Chico’s CEO, Raymond James Director on How to Succeed in Retail

Written by: Margie Manning at St. Pete Catalyst

In a tumultuous retail landscape, the top executive at women’s clothing company Chico’s FAS Inc. has her own recipe for success.

Shelley Broader, president and CEO of Chico’s, pays attention to customers, not the competition.

“When you focus on what your competition is doing, you’re not focusing on your customers’ wants and needs,” Broader said. “If you focus hard enough on your customer, you make the competition irrelevant, because you will be what your customer needs and wants. You’re competing for their heart and their share of wallet.”

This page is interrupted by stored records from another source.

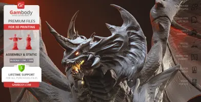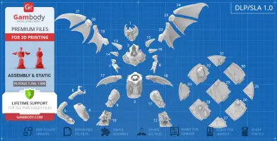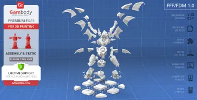 Watch the tutorial on how to assemble the 3D Printed Destoroyah model from the provided 3D Print Files on Gambody YouTube channel.
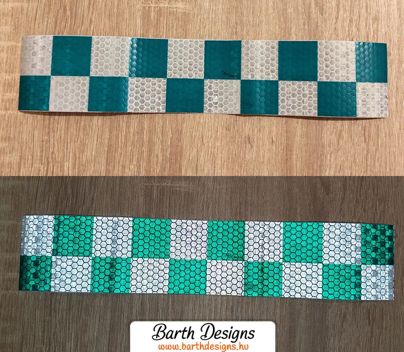 Zöld-fehér kockás öntapadós fényvisszaverő szalag, 25cm
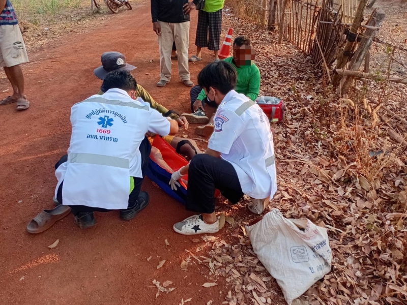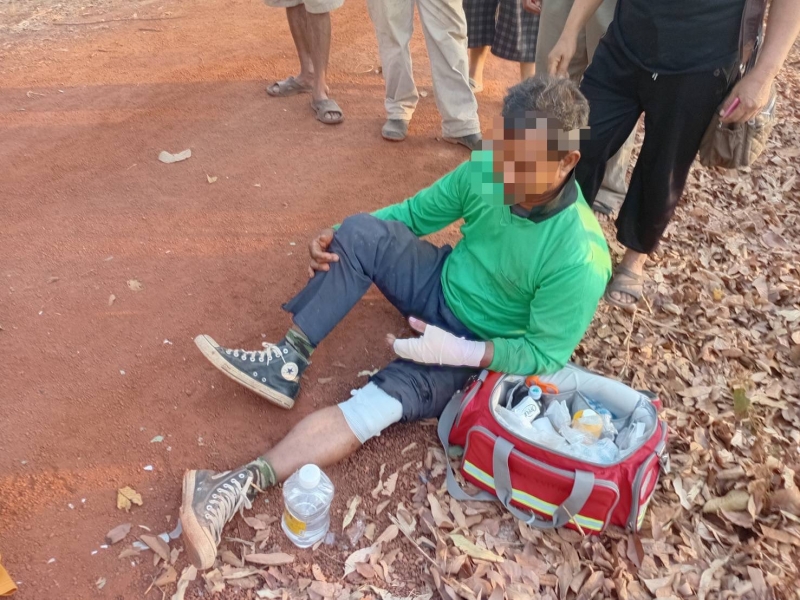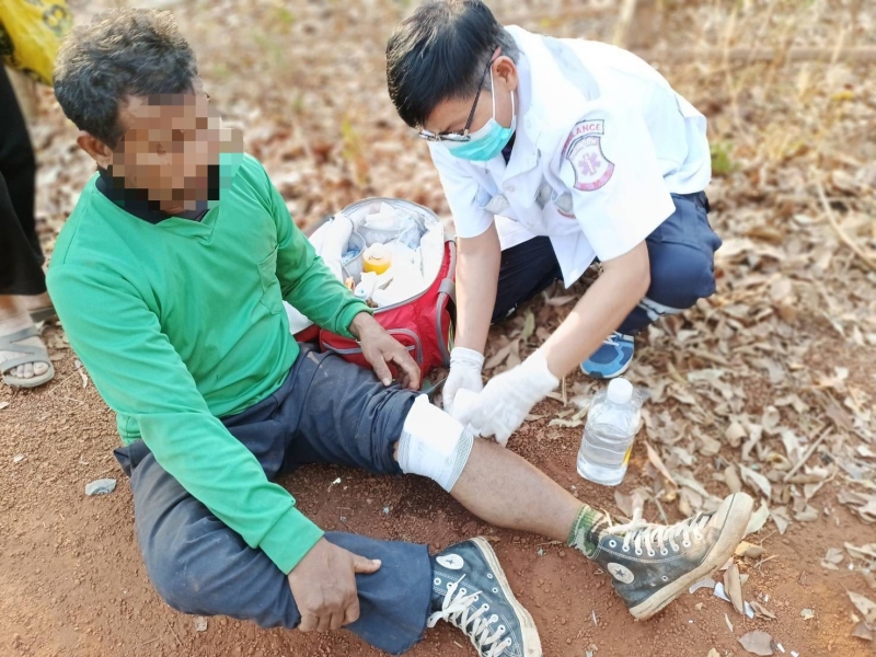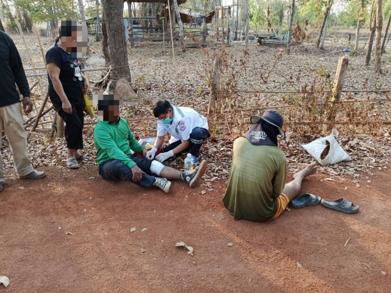 - รายที่1 เป็นชาวบ้านถ่อนนาเพลิน อายุ57ปี มีบาดแผลที่หัวเข่าด้านซ้ายลึกประมาณ1ซม.ยาว10 ซม. และเจ็บที่ข้อมือด้านซ้าย
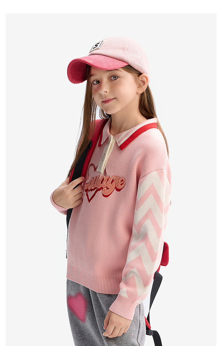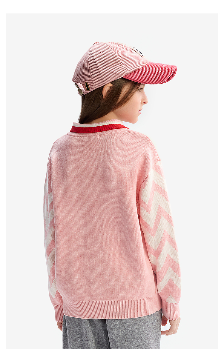 【秒】【MQD】童装女童毛衣针织衫冬季新款翻领条纹儿童学院风上衣线衫

Broader shared lessons learned from her career at a meeting of advocacy organization Women Executive Leadership Sept. 20 at the Vinoy Renaissance Resort in St. Petersburg. Although Chico’s (NYSE: CHS) is headquartered in Fort Myers, she is no stranger to the Tampa Bay area. She previously was president and CEO of Sweetbay Supermarket and she is a member of the board of directors of Raymond James Financial Inc. (NYSE: RJF).

She’s the former president and CEO of Walmart’s EMEA [Europe, Middle East, Sub-Sahara Africa and Canada] region and former president and chief operating officer of arts and crafts retailer Michaels.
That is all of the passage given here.